CONTRIBUTED BY STEVE SINGER

Kiln fire

Like FIRE?  If you’re going to Nago, enjoy nature, or just want to get off the radar, you may want to check out a wood-fire ceramic kiln firing in Nago. INTENSE is the only way to describe it.  The workshop is owned by an ex-Navy corpsman, Nicholas Centala, who originally built the kiln for a NPO to teach ceramics to persons with learning disabilities and to promote and carry on the ancient ceramic firing process using only wood to heat the kiln.  This kiln is 5 meters long, made of 3,200 bricks, uses 16 tons of refuse wood, and fires to 1/10th the temperature of the sun (2,280) for 4 days.  I’ve never felt heat like this! The fire reminded me of that scene in Raider’s of the Lost Ark when they opened the ark and the white angle demons got out. The pieces inside were white hot and even on a cold New Year’s Eve I had to take a few steps when they opened the fire box to stoke the kiln.

I was lucky to go during the firing, because the place was bustling with people who came to work or watch the fire.  The firings only take place 4 times a year due to the massive size of the kiln.
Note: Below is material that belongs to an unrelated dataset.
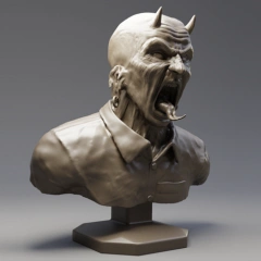 Bust of a screaming, horned figure with an open mouth, wearing a collared shirt on a stand.

I met good people of several nationalities, kicked back in the woods for a while, and Nicholas threw a mean barbeque for the folks that made it til the third day. There was also a large gallery space in the “chill room” and a small workshop where I got to make something of my own to put in the next firing in April.

Kiln Potter The workshop and kiln site are nestled 600 meters in the jungle of Nago on a one-acre plot not far from the Pineapple Park.  I got to see alot of nature, a few birds and lizards, and the stars at night were the brightest I’ve seen short of Hedo.  It was awesome to see this side of Okinawa and I got to get my hands dirty cutting wood and helping out around the kiln.  We had a big bon-fire for the New Year’s countdown and about a dozen people showed up to do a champagne toast.  I might not remember all the names and faces, but I’ll never forget where I was on New Year’s Day 2011!
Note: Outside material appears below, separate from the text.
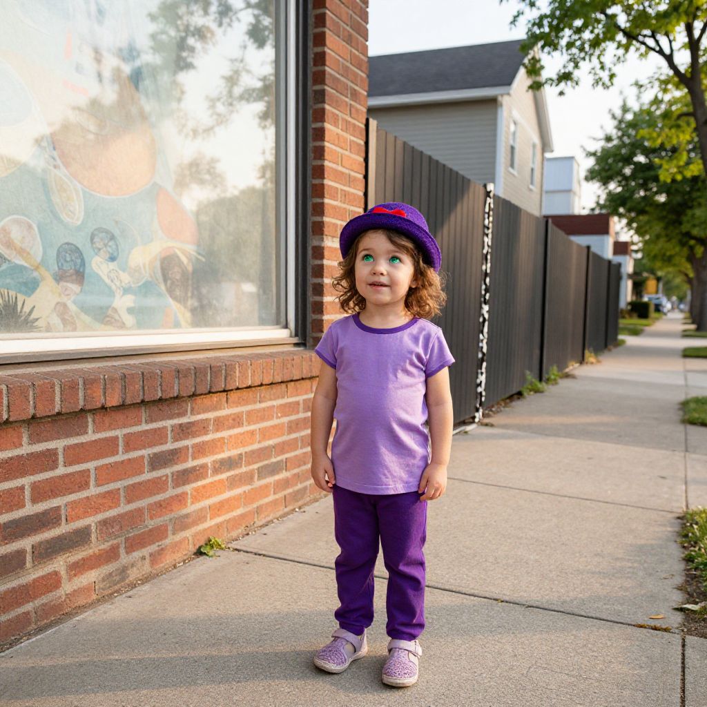 A young child, around 5 years old, with curly brown hair and bright green eyes, is wearing a colorful purple outfit featuring a purple shirt, purple pants, and a purple hat with a small red bow. The child is standing on a sunny sidewalk in front of a brick building with a large window displaying a faded mural on the inside, and a tall black fence with a few cracks running along its edge. The scene is set in a small neighborhood during early afternoon, with soft sunlight casting gentle shadows and a few trees in the background. The child is looking slightly upward, as if gazing at the sky or a distant figure, with a curious and joyful expression on their face.

There are occasional open house and free kiln tours.  It was a very cool spot, the owner is a nut, and he introduced me to a beach for snorkeling and a few smaller attractions I never saw in the guide books.
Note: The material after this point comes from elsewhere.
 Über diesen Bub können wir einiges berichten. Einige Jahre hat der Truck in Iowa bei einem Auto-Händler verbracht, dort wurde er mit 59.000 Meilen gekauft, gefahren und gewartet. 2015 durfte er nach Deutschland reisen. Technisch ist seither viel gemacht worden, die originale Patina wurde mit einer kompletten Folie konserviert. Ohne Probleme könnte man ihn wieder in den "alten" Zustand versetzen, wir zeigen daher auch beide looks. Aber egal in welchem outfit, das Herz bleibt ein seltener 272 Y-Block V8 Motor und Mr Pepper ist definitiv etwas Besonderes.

Directions:  Though kind of hidden away, it wasn’t too hard to find.  Take the 58 or the Interchange north into Nago and turn left on the 84 towards Pineapple Park, keep driving til you see the sign above for Motobu town and the road becomes two lanes, about 200 meters further you will see a big yellow and red sign that says “ceramics”, make a left there and drive 1,400 meters “exactly” to the next sign and make a left.  You zig zag through the jungle a bit, but as long as you stay on the path you can’t miss it.

Website:  There is also a homepage where I later found a map: www.sentorayaki.com

Phone:  Contact the workshop directly at 090-5499-4262.

Hours:  The place is open most weekends and closed every tuesday but weekdays are by appointment until 10pm.

Details/Prices:  The fire viewings are free but there is also a workshop where individuals groups can make things of their own by appointment.  Groups are also welcome to barbeque up there and even camp out.  Groups can either bring their own food and drink and use the kitchen and bbq or they can request a bbq plan at an additional cost of $10 to $20 a head.  Individual cost is $40 for one kilo of clay which is a bit bigger than a softball and can make a plate 1cm thick about as big as an A4 size sheet of paper. The cost for groups starts at $20 a head and they get 500 grams of clay (about as big as a baseball) or double for $40.  There is also a hobby plan for regulars or enthusiasts, they pay $100 for a 40cmX40cm space in the kiln and clay is $2 a kilo.  All these plans are cheaper than other public kilns which use gas or electric kilns and those kilns do not have native English speakers or coffee/tea service included.  Nicholas can help the students to make just about anything.

Kiln 3 The only downside to the wood-burner is that it can take a few months to get pieces back depending on when they were made.  The next unloading will be in late April.  Volunteers are always welcome and students are encouraged to take part in the various steps of the kiln process as well.  It is a great spot for birthday parties, ladies groups, art and culture enthusiasts, and nature photographers.  There is usually some kind of work or activity going on but its often pretty quiet compared to other places bustling with tourists.  Obedient pets and kids are not shunned, but either might require a tether if they are a safety risk.

The cherry blossoms are in bloom in February, but the kiln site and workshop are surrounded by nature year round and Spring brings different insects and birds plus the quickly growing flora.  There is also a hidden *magic banyan tree*, a few fruit trees, and cave that was used as a shelter by someone during the war.  It is a 20 minute drive to Sesoko Beach, the Aquarium, and Neo Park.